How do you judge a great acting performance? One way is when beforehand you look at the performer and the part and say, “Impossible, doesn’t fit, can’t possibly work,” then it does. Flamingo Road, which premiered in the U.S today in 1949, features Joan Crawford as a carny performer and it doesn’t fit. But probably nobody would seem to fit. The main character evolves over years from carny chippie into upper crust lady, so either way a filmmaker would have to make a difficult choice—cast an ingenue who evolves into a sophisticated middle-aged woman, or cast a mature actress and hope she can play young. They chose the later option with Crawford, and it can’t possibly work. But this is Crawford we’re talking about—she could make most any role work, and does so here with a typically assured performance.
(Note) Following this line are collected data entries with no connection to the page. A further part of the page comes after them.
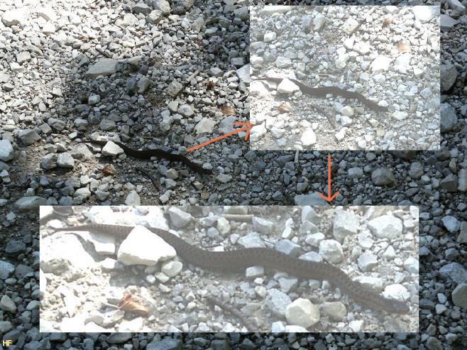 und zwar ein Jungtier aus der Gattung der schwarzen Kreuzotter. Diese war vielleicht nur 10 cm lang, aber egal ob groß oder klein, das Gift dieser Schlange kann tödlich wirken. Es ist wesentlich heftiger, als das der "normalen" Kreuzotter.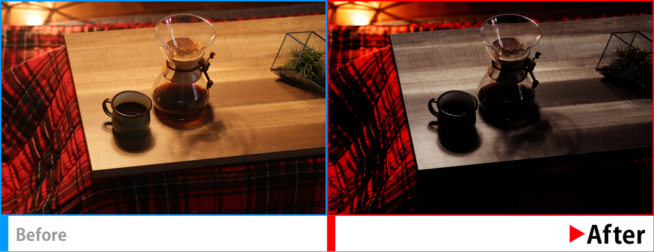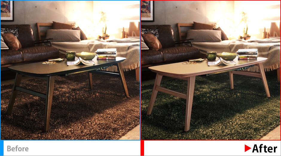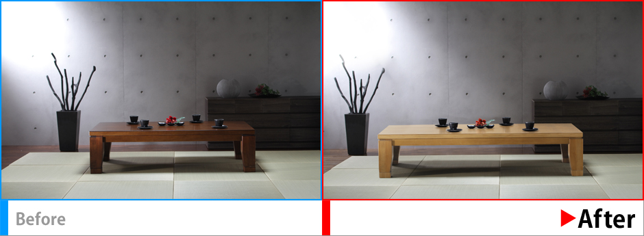 無骨さの演出プラス、商品(こたつ天板)の色を実際の商品に合わせる。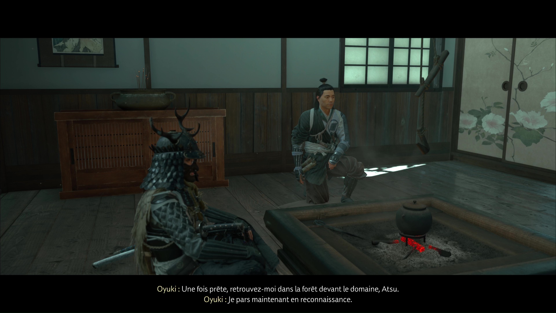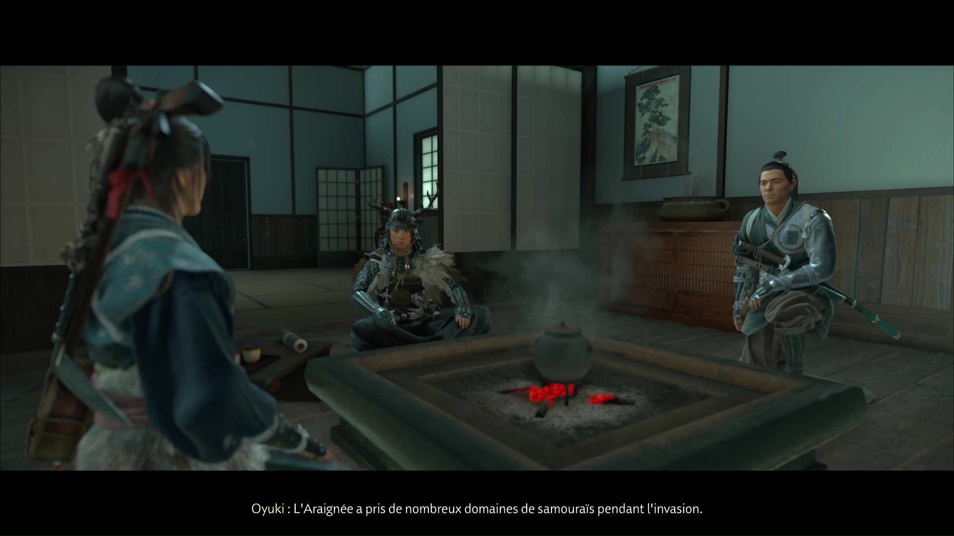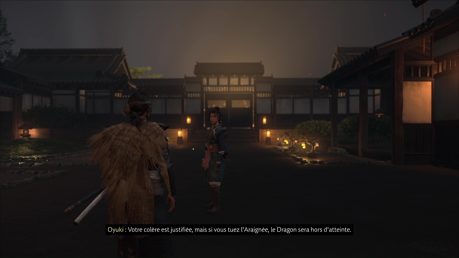 Entrez et vous allez être briefé par Jubei et Oyuki. L’Araignée a pris possession de certains domaines durant l’invasion. Il se cacherait actuellement dans le domaine des Tamura. Le plan consiste à le capturer pour attirer le Dragon. Pour ce faire, Oyuki et Atsu iront au domaine et s’infiltreront pour mettre la main sur l’Araignée.

Flamingo Road is set in the American south and is about the social mores and political machinations of a small but wealthy town. The title refers to the enclave where the rich and powerful live together in their mansions and manors. The carny version of Crawford falls for local deputy sherrif Zachary Scott, but he’s been tabbed by local kingpin Sydney Greenstreet to be his puppet in the state senate. As part of that plan Scott is to marry into wealth. Cavorting with a carny isn’t going to fly. Greenstreet decides to break them up, or hurt Crawford trying, and there’s nothing so underhanded or injurious that he won’t do it. Crawford, though, is tougher than anyone expects, and what she learns from her travails is, first: she’s going to make it to Flamingo Road no matter what it takes; and second: she will have her revenge. That’s all we’ll tell you about the plot.
Flamingo Road is another of those movies that’s often called a film noir, and while we don’t try to be gatekeepers of what is and isn’t noir—because we have no authority to do so—we also don’t avoid stating the obvious. Flamingo Road isn’t a film noir. Some entities, including respected ones, have a vested interest in casting the noir net as widely as possible. If you host noir festivals, for example, after a while you need to expand your defintion of noir to keep your slate fresh. If you write film noir books, you might want to demonstrate that you think outside the box by including Chinatown or Lat sau san taam or The Limey (all excellent movies, by the way).
At the opposite extreme, several prominent critics attest that film noir doesn’t exist at all. That’s like saying there’s no such thing as superhero movies because costumed heroes are just further iterations of superpowered characters such as Rambo. Superhero movies exist. So does film noir, though it resides within the wider genres of crime and drama. However, it’s too easy to call any movie with conflict and a few neon-splashed night sequences a noir. Film noir is as much thematic as it is iconographic. In every way that we can discern, Flamingo Road isn’t one. The definitive American Film Institute calls it a melodrama. We agree. It’s a melodrama in which a good actress, aged north of forty, overcomes difficult casting to knock her years-spanning role out of the park.